**Problem statement**
An exact copy of the data is needed, but without any of its images.

**Information provided**

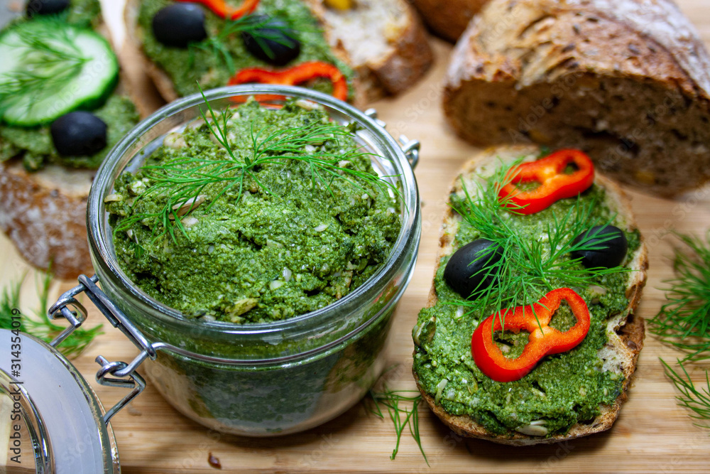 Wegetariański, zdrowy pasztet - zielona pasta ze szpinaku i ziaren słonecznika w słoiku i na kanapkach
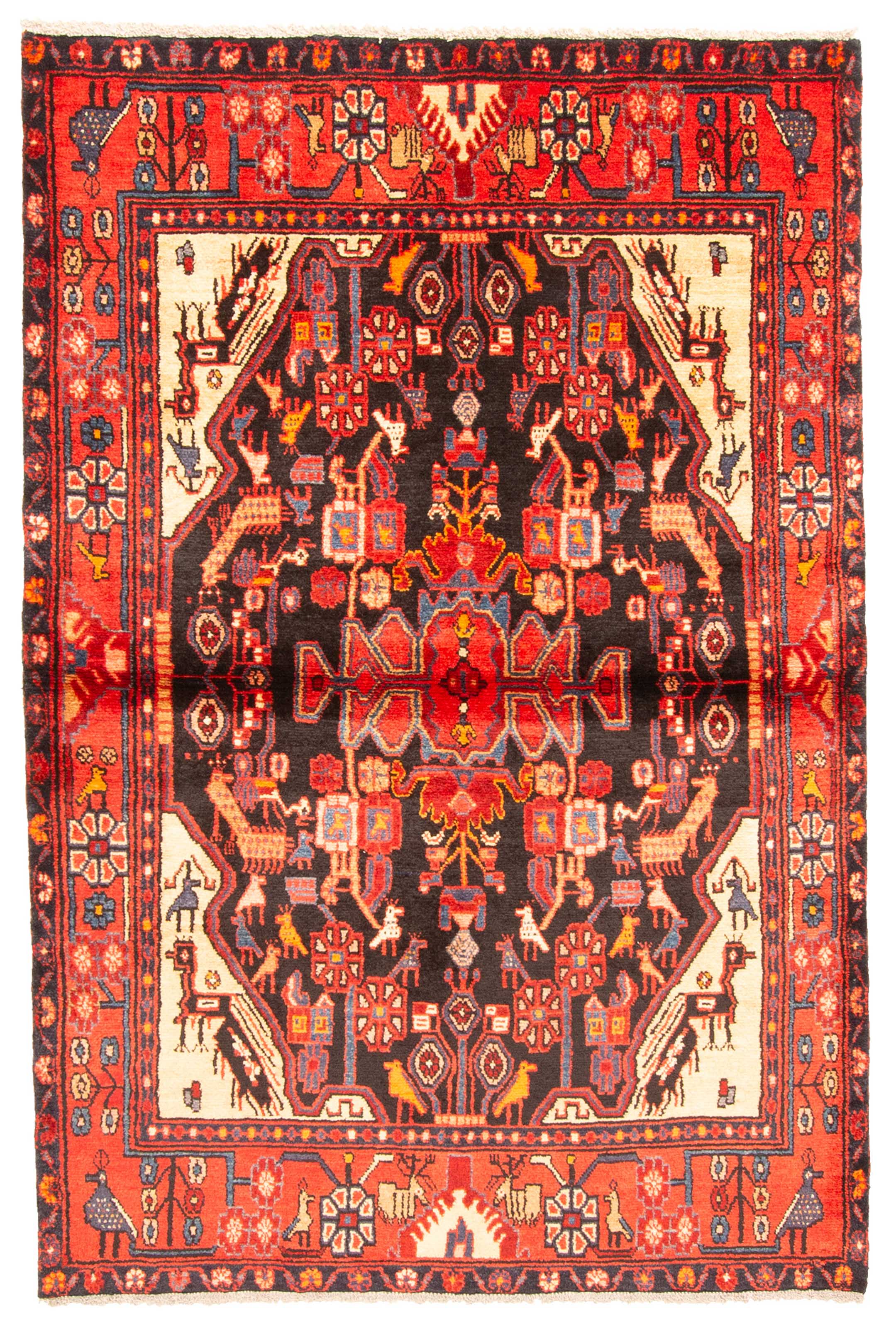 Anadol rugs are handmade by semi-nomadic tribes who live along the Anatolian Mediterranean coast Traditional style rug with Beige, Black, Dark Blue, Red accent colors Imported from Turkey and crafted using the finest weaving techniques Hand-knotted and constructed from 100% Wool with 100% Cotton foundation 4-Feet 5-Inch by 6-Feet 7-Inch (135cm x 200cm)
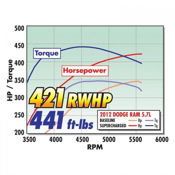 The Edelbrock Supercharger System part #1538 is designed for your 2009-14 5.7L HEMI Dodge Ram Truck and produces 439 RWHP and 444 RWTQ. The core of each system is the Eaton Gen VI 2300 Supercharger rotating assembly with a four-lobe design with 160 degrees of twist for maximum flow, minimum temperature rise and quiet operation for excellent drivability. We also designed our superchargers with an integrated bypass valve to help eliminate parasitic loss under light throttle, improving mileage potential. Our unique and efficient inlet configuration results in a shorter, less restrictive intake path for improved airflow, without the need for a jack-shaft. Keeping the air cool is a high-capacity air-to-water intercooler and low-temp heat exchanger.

**Solved problem**
 Wegetariański, zdrowy pasztet - zielona pasta ze szpinaku i ziaren słonecznika w słoiku i na kanapkach
 Anadol rugs are handmade by semi-nomadic tribes who live along the Anatolian Mediterranean coast Traditional style rug with Beige, Black, Dark Blue, Red accent colors Imported from Turkey and crafted using the finest weaving techniques Hand-knotted and constructed from 100% Wool with 100% Cotton foundation 4-Feet 5-Inch by 6-Feet 7-Inch (135cm x 200cm)
 The Edelbrock Supercharger System part #1538 is designed for your 2009-14 5.7L HEMI Dodge Ram Truck and produces 439 RWHP and 444 RWTQ. The core of each system is the Eaton Gen VI 2300 Supercharger rotating assembly with a four-lobe design with 160 degrees of twist for maximum flow, minimum temperature rise and quiet operation for excellent drivability. We also designed our superchargers with an integrated bypass valve to help eliminate parasitic loss under light throttle, improving mileage potential. Our unique and efficient inlet configuration results in a shorter, less restrictive intake path for improved airflow, without the need for a jack-shaft. Keeping the air cool is a high-capacity air-to-water intercooler and low-temp heat exchanger.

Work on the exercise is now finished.